Ketika memutuskan untuk meneliti sebuah sitkom produksi Amerika yang masa tayangnya pertengahan tahun 90an dan pertengahan 2000an sebagai objek penelitian, Ithonx mendapatkan efek samping yang luar biasa terhadap sejarah bagaimana pertelevisian berevolusi di negara super canggih Amerika dan di Indonesia. Maksudnya, mau tak mau harus merunut lagi kebelakang tayangan-tayangan berpengaruh di Amrik dan juga di Indonesia sebagai bahan pembanding pada ulasan literaturnya. Pada dasarnya Ithonx memang lebih tertarik pada tayangan televisi daripada film-film layar lebar. Mengapa? Selain soal selera, tayangan televisi lebih mempunyai efek yang lebih luas karena di tonton semua lapisan masyarakat dan pendalam karakter bisa dikembangkan sedemikian rupa.

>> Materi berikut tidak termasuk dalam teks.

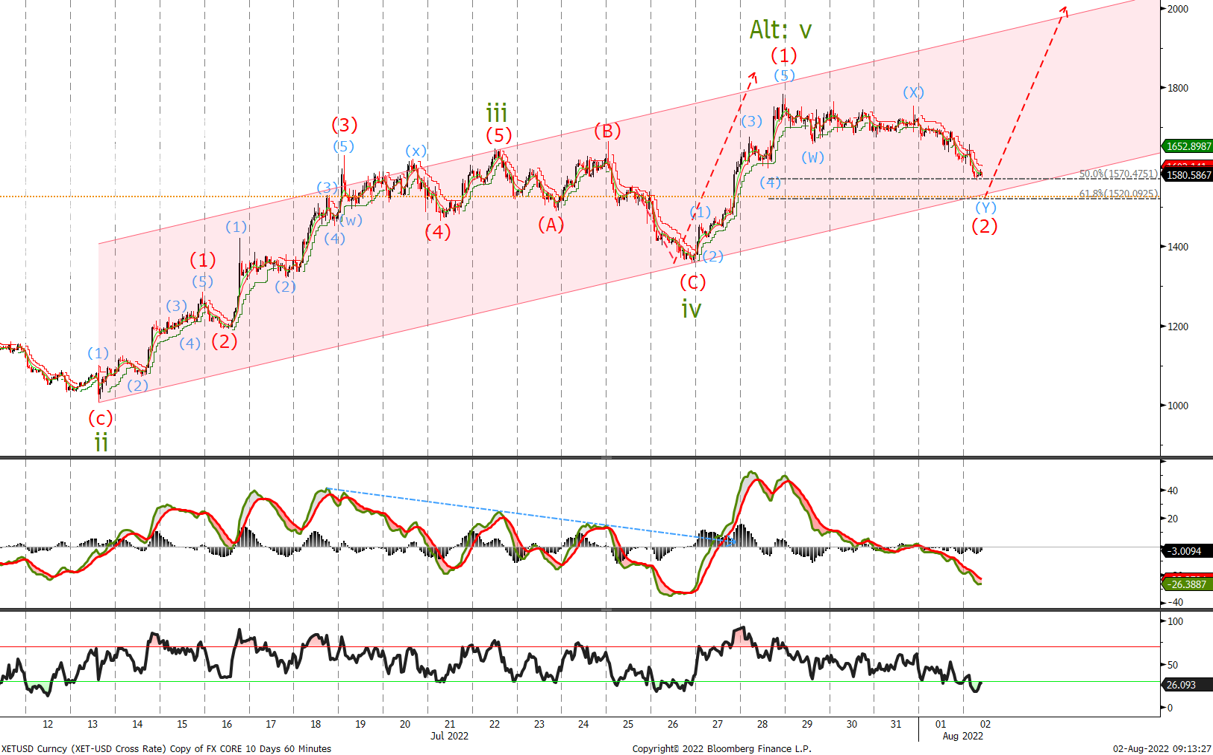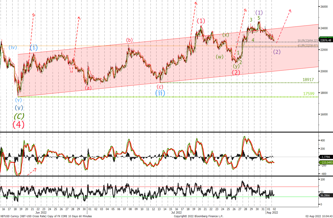 We traded down to $20'730 enabling us to buy. If correct then we could see BTC trade slightly lower to complete minor wave (2) into the $22'200 / $22'700 area.

Bayangkan serial Smallville yang memasuki musim ke sembilan (satu musim biasanya 23/24 episode) dibandingkan dengan film berdurasi 2 jam-nya Superman. Semua aspek tokoh bisa diceritakan dengan gamblang. Kita bisa tahu mengapa Lex Luthor begitu menaruh dendam dengan si manusia baja itu dan memaklumi kebenciannya dengan menonton Smallville, bukan Superman versi layar lebarnya.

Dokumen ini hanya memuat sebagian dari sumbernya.